Before the Roman Warm Period, the Zuiderzee in highly glaciated times was a brackish, sometimes tidal, very broad set of mudflats, the Vlies (Latin: Flevo). The IJssel and Amstel kept a saline-freshwater balance, and northward flow, enabling islands and banks to build up. Among these are rare zones just above sea level: Kampen, Elburg and north-east bank once wooded strip from Nijemirdum to Stavoren.

However, the North Sea, locally to form (or re-form) the Zuiderzee, reasserted itself - the so-called Dunkirk transgressions.

By the time these were tamed (terraformed) the IJssel had formed many of its new short distributaries to dissipate its flow. The submerged old delta is traceable out from its sea level elevation point at Zwolle throughout the broadest parts of the IJsselmeer; the lands of Emmeloord, Lelystad and south of Dronten are relatively recent reclamations. They were continuations of these old, broad troughs, and lie six metres below sea level.

The name Vlie refers to a strait between sea islands, Vlieland and Terschelling. It seems that the firmly below-sea-level excoriations in the far north (the Groote Vliet) by Medemblik and the IJ (near Amsterdam) were all deep parts of the same body of water in the height of the Roman Warm Period and Medieval Dark Age sea rises (transgressions). Most of the surrounding basin of the vast harbour-like body of water of the Netherlands is reclaimed from it (nationally called polderisation; in England called the making of a fen).

The river was a natural barrier and in April 1945 was stormed by assault troops of the Allied armies liberating the Netherlands from the occupying forces of Nazi Germany.

=== The IJssel as the lower part of the Oude IJssel ===

Most of the IJssel was the lower part of the small river Oude IJssel (lit. "Old IJssel", German Issel), that rises in Germany and is now a 70 km tributary.

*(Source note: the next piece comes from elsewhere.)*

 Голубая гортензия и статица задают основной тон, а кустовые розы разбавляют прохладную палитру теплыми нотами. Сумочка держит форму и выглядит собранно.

The connection between the Rhine and IJssel was probably artificial, allegedly dug by men under the Roman general Nero Claudius Drusus c. 12 BCE as a defence against Germanic tribes and to let Roman ships carry troops along it.

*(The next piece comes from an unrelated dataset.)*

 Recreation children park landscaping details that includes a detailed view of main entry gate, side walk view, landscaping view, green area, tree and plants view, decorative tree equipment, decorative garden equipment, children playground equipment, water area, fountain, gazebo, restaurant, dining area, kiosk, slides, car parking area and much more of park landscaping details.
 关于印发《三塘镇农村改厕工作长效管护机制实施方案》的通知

The Oude IJssel is the second-largest contributor to the flow of the river, after the Rhine.

The source of the Oude IJssel is near Borken in North Rhine-Westphalia, Germany. First it flows south-west until it nearly reaches the Rhine near Wesel; then it turns west northwest. After skirting Isselburg it crosses the border with the Netherlands. The river then flows through Doetinchem and joins the IJssel at Doesburg.

== Characteristics ==
The average daily discharge can change greatly. It has been, over long periods, averaged as about 300 cubic meters per second. It can be as low as 140 and as high as 1800, depending on the velocity of the water arriving from upstream and the weirs west of Arnhem, which control the water taken in. These control the Pannerdens Kanaal, the sole inflow (shared with the Nederrijn).

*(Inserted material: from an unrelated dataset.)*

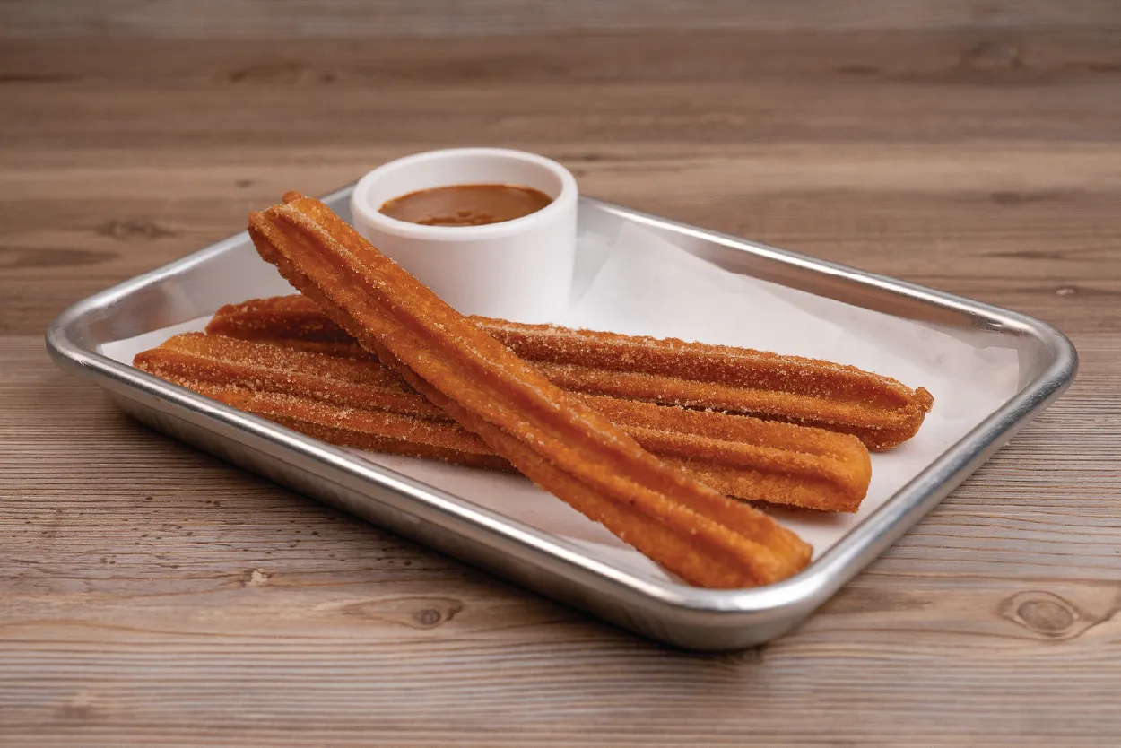 Cinnamon-sugar-coated churros are paired with a rich, caramel dipping sauce, bringing the sweetness to a whole new level for ending your meal on a sweet note

As a lowland river in which velocity decreases, the IJssel meanders. Some bends (and spurs of land, hank) have been cut off by man such as near Rheden and Doesburg, reducing the length from 146 km to 125 km, but not as radically as the Meuse nor Great Ouse. Deposition of sediment to form islands in the outside of bends has been curtailed since the late nineteenth century.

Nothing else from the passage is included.